What is this DNA? For Engelbrecht it is the weight and structure of the wines; the pure fruit expression as well as the integration, length and intensity of the range.

As these aren’t wines to attempt without food, chef David Higgs prepared an immaculate range of dishes to complement the structure of each.

The day clearly illustrated why diners have to book well in advance to reserve a space in this dinners-only restaurant (which is only open five days a week, Tuesdays to Saturdays).

In the words of Engelbrecht: “No expense has been spared for the experience.” And chances are that, when you visit, you won’t be sparing any expense either…

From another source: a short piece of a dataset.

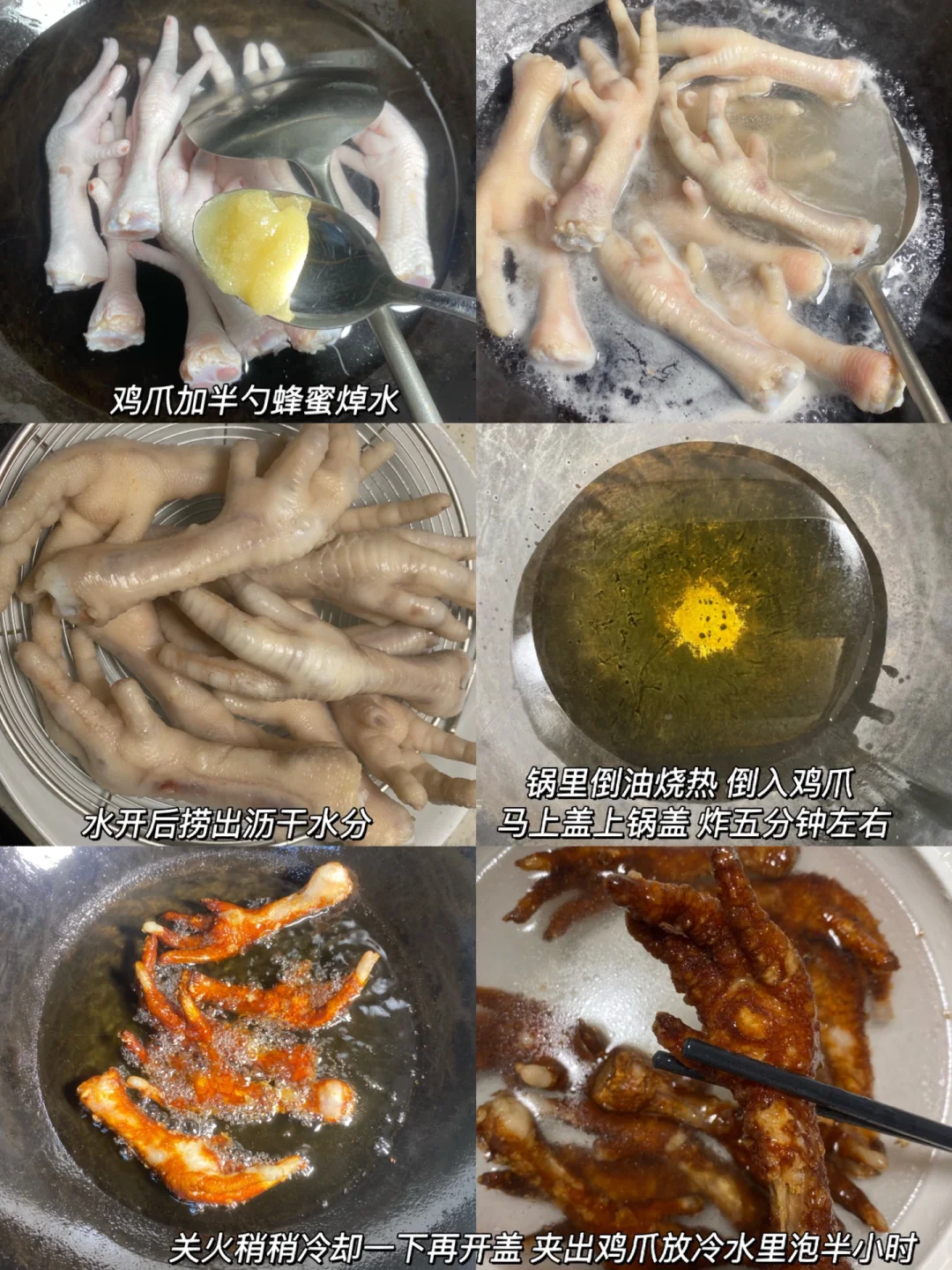 1⃣️:鸡爪剪掉指甲,冷水下锅加半勺蜂蜜大火煮开捞出沥干水分(加蜂蜜是为了炸的时候上色)我这边十只鸡爪分两次炸,省点油。

Coenie Snyman wins Diners Club Winemaker of the Year for 2009.

Coenie Snyman walked away with the coveted prize of Diners Club Winemaker of the Year for 2009. The awards ceremony was held at The One & Only Hotel in Cape Town on Thursday 5 November. The award was given for the Rust en Vrede Cabernet Sauvignon 2007.

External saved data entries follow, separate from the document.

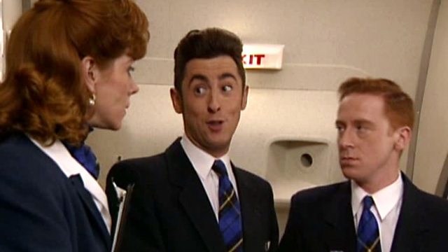 Comedy series about the crew of a cut-price airline shuttle between Prestwick and Heathrow. Air stewards Sebastian and Steve work for awe-inspiring chief purser Shona, and they are all in the hands of the clueless Captain Duff. It's Steve's 30th birthday, and he and Sebastian make a concerted effort to bale out of Air Scotia.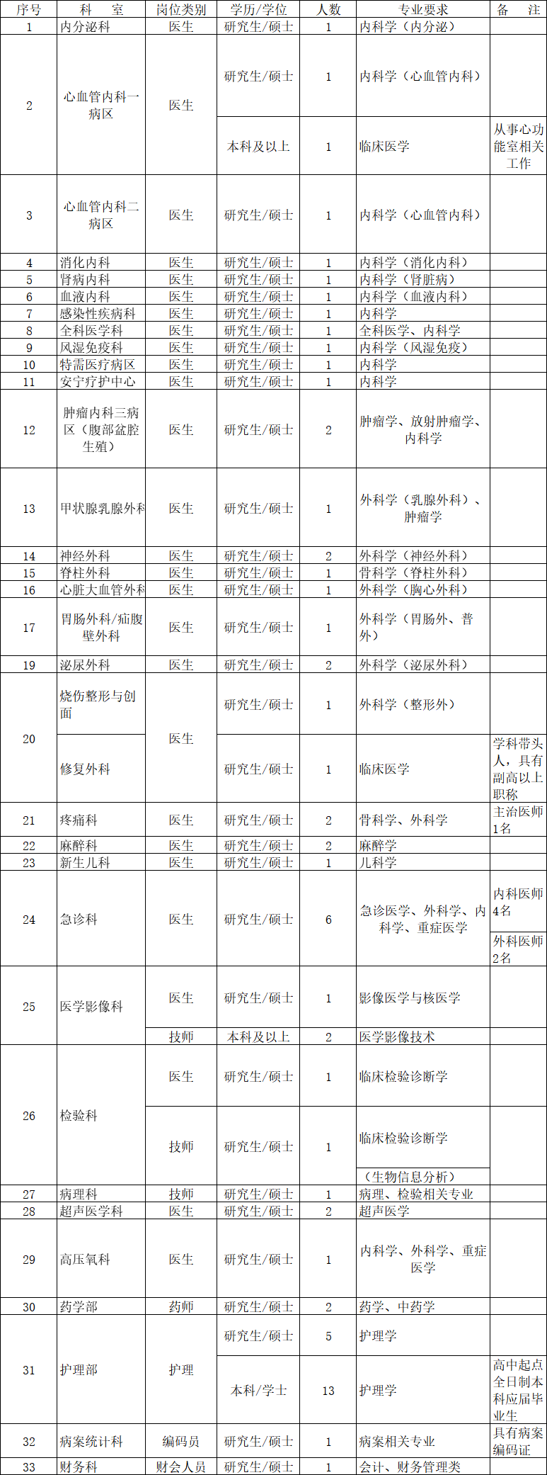 醫院長(cháng)期招聘各臨床醫技科室博士等高層次人才,人數不限。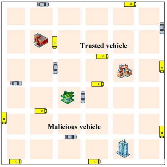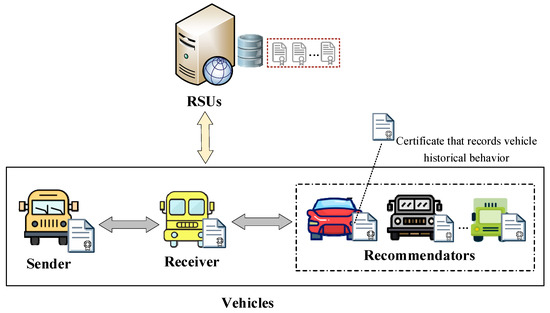 The system model of truth-oriented trust evaluation in vehicular networks is depicted in Figure 2. This model primarily includes two types of entities: vehicles acting as senders or receivers, and Roadside Units (RSUs).

RUST EN VREDE’S UNIQUE ACHIEVEMENT

Rust en Vrede Wine Estate and Restaurant have achieved an unprecedented Top 100 Wine and Top 100 Restaurant in the world award. In 2000 Rust en Vrede was named for the first time as one of the Top 100 wines in the world. Subsequently, our wine achieved this a further three times; more than any other South African wine. During 2006 and the greater part of 2007 we renovated and restored the original cellar to its former glory. This building dates back to 1782 and carries National Monument status. In November 2007 we opened Rust en Vrede Restaurant with chef David Higgs at the helm. When David and I teamed up we both knew from the outset exactly what we wanted to create and achieve. Being named as one of the World’s Top 100 Restaurants, and accomplishing this within fifteen months of first opening our doors is an endorsement of David’s vision, and bears testament to both his and his teams’ culinary ability and meticulous attention to detail. Our research included visits to some of the world’s finest restaurants and equipped ourselves by ascertaining how things are done in Europe and North America.

To me, Rust en Vrede is very special; it being the place where I grew up and still live today. Accolades such as these are not achieved without sacrifice, determination and commitment. Over decades many people have contributed to our success: most notably my parents and family, Kevin Arnold (winemaker, 1986 -  1997), Louis Strydom (winemaker, 1998 - 2004, and today heads up production at Engelbrecht Els Wines), Coenie Snyman (winemaker, 2006 - present), and of course David Higgs. I thank my colleagues who have always been willing to go the extra mile and I thank our patrons without whom this remarkable feat and achievement would not have been possible.